──────── Provided information

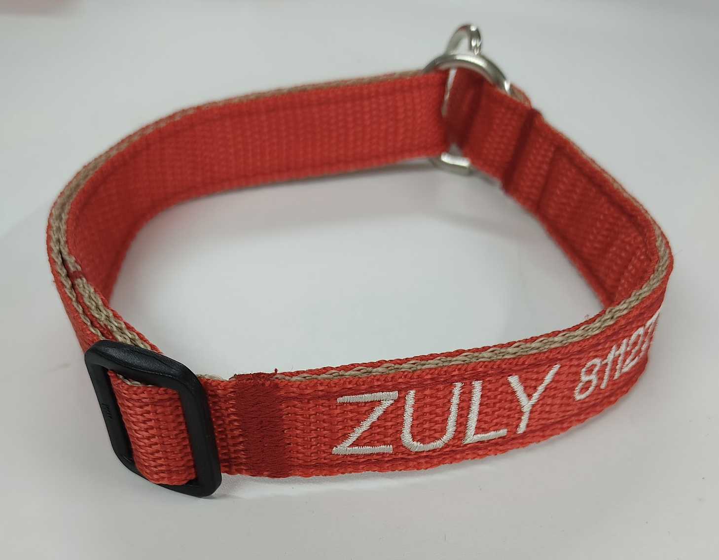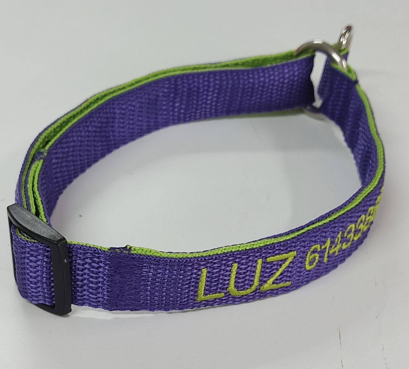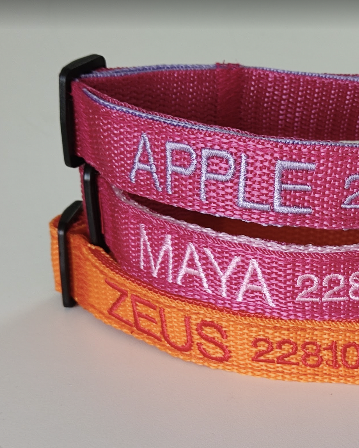 El color de la cinta que elija será en donde se bordarán los datos. La cinta que reforzará el collar será del color del bordado que elija, para que combine a la vez que fortalece el collar.
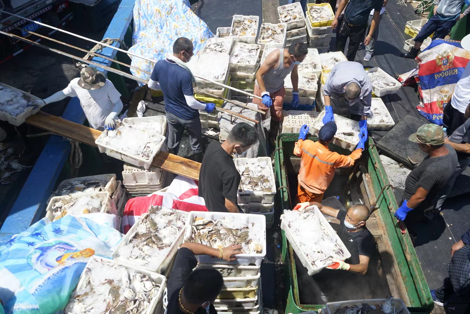 另一边,等候进货的批发商也不少,现场一箱箱梭子蟹接连不断地被运走,空气里弥漫着海鲜味。
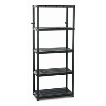 GAMMA biedt voordelige opbergrekken aan in verschillende materialen: hout, metaal en kunststof. Afhankelijk van het materiaal kan je rek meer (of minder) gewicht aan. Dit rek uit zwarte kunststof met 5 legborden kan 70 kilogram aan.
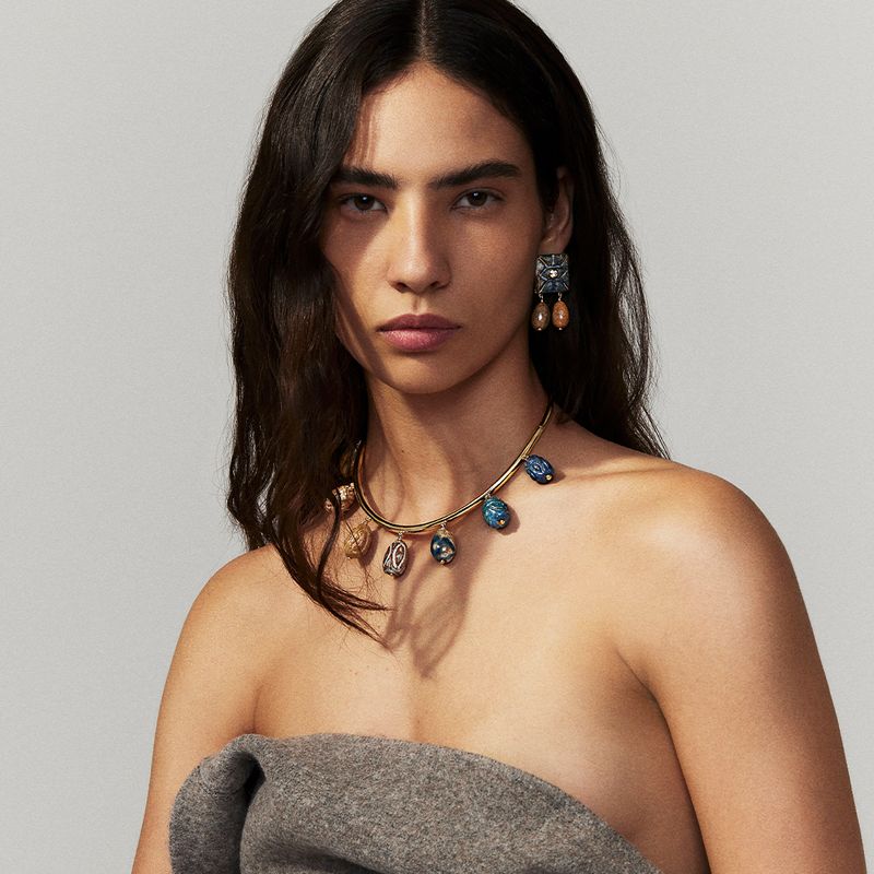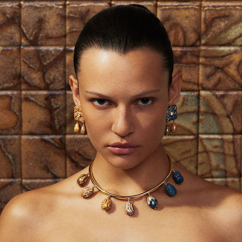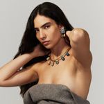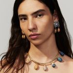 18k yellow gold earrings with Brennand's ceramics and diamonds.
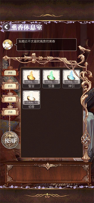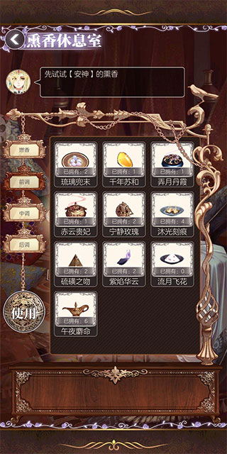 1、在熏香室,玩家通过正确使用熏香来招待顾客解锁相应剧情,并掉落调香材料。

────────────────

The answer must be an exact copy of the lines from the one with "GAMMA biedt voordelige" through the final line above, both ends included, and nothing else; pictures stay out.

 GAMMA biedt voordelige opbergrekken aan in verschillende materialen: hout, metaal en kunststof. Afhankelijk van het materiaal kan je rek meer (of minder) gewicht aan. Dit rek uit zwarte kunststof met 5 legborden kan 70 kilogram aan.
 18k yellow gold earrings with Brennand's ceramics and diamonds.
 1、在熏香室,玩家通过正确使用熏香来招待顾客解锁相应剧情,并掉落调香材料。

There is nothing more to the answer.